RECORDED DATA:
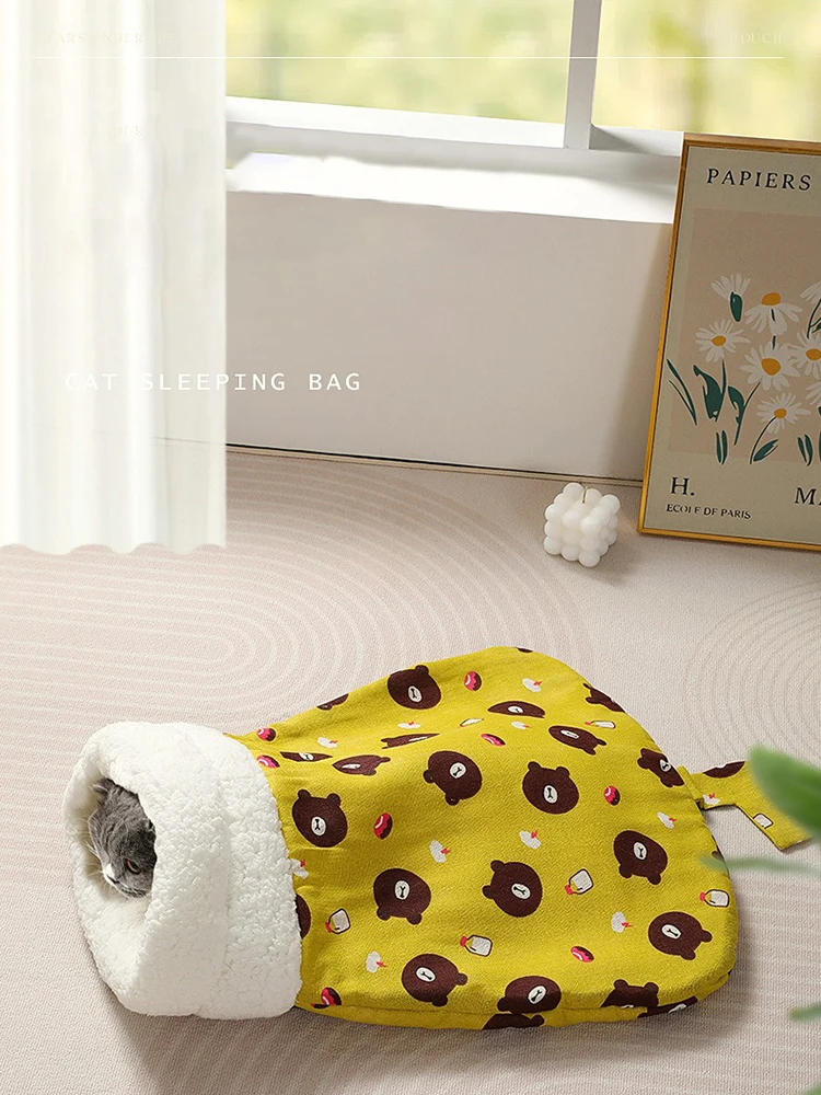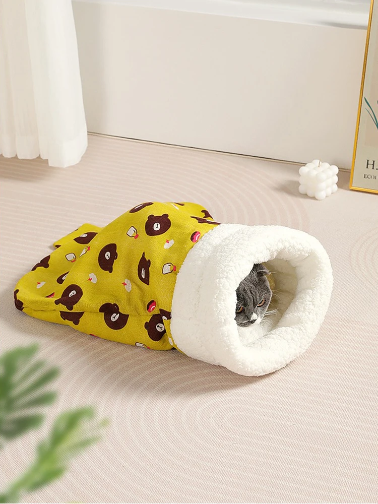 Saco de dormir cálido para gatos, colcha tipo bolsillo, cama para mascotas, tacto suave y esponjoso, estera para mascotas, nido cómodo, suministros para mascotas
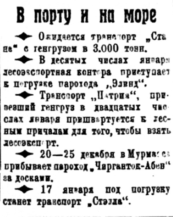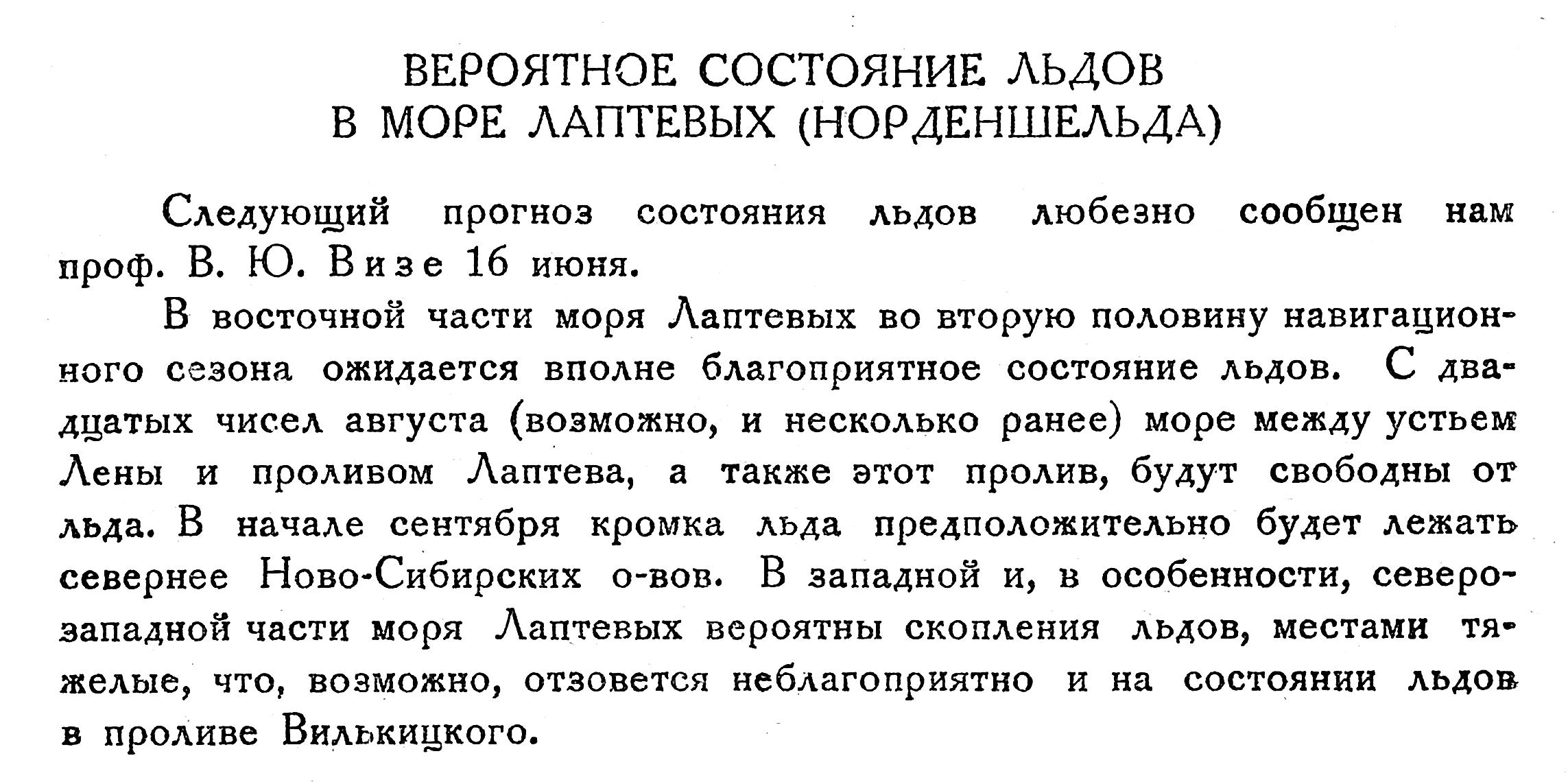 Из береговых работ проводится научное исследование в области Лены. Основная задача этого года совершить северо-восточный переход Архангельск — Владивосток. Этот переход уже делался три раза. Еще в 1863—6 году этот путь прошел Норденшельд, в 1912—15 годах ледоколы «Таймыр» и «Вайгач», совершившие путь в обратном направлении — Владивосток — Архангельск и, наконец, третий поход был сделав Амундсеном.
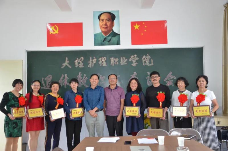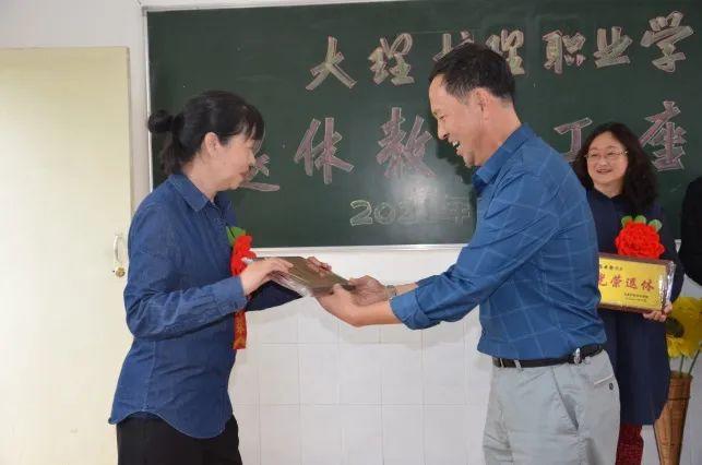 字利鹏专职副书记、苏春华主席为新退休的教职工颁发了“光荣退休”扁牌。
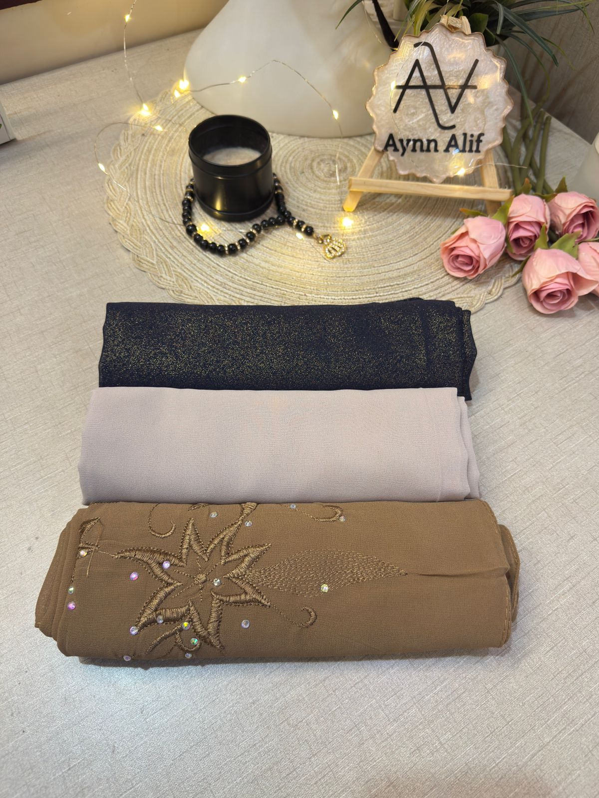 1 Moonlight Chiffon Georgette Hijab, 1 Plain Chiffon Georgette Hijab and 1 Floral Embroidered Chiffon Georgette Hijab

WHAT THE EXERCISE ASKS: Write out the material above once more, word for word. Images stay out.

RESPONSE AREA:
 Saco de dormir cálido para gatos, colcha tipo bolsillo, cama para mascotas, tacto suave y esponjoso, estera para mascotas, nido cómodo, suministros para mascotas
 Из береговых работ проводится научное исследование в области Лены. Основная задача этого года совершить северо-восточный переход Архангельск — Владивосток. Этот переход уже делался три раза. Еще в 1863—6 году этот путь прошел Норденшельд, в 1912—15 годах ледоколы «Таймыр» и «Вайгач», совершившие путь в обратном направлении — Владивосток — Архангельск и, наконец, третий поход был сделав Амундсеном.
 字利鹏专职副书记、苏春华主席为新退休的教职工颁发了“光荣退休”扁牌。
 1 Moonlight Chiffon Georgette Hijab, 1 Plain Chiffon Georgette Hijab and 1 Floral Embroidered Chiffon Georgette Hijab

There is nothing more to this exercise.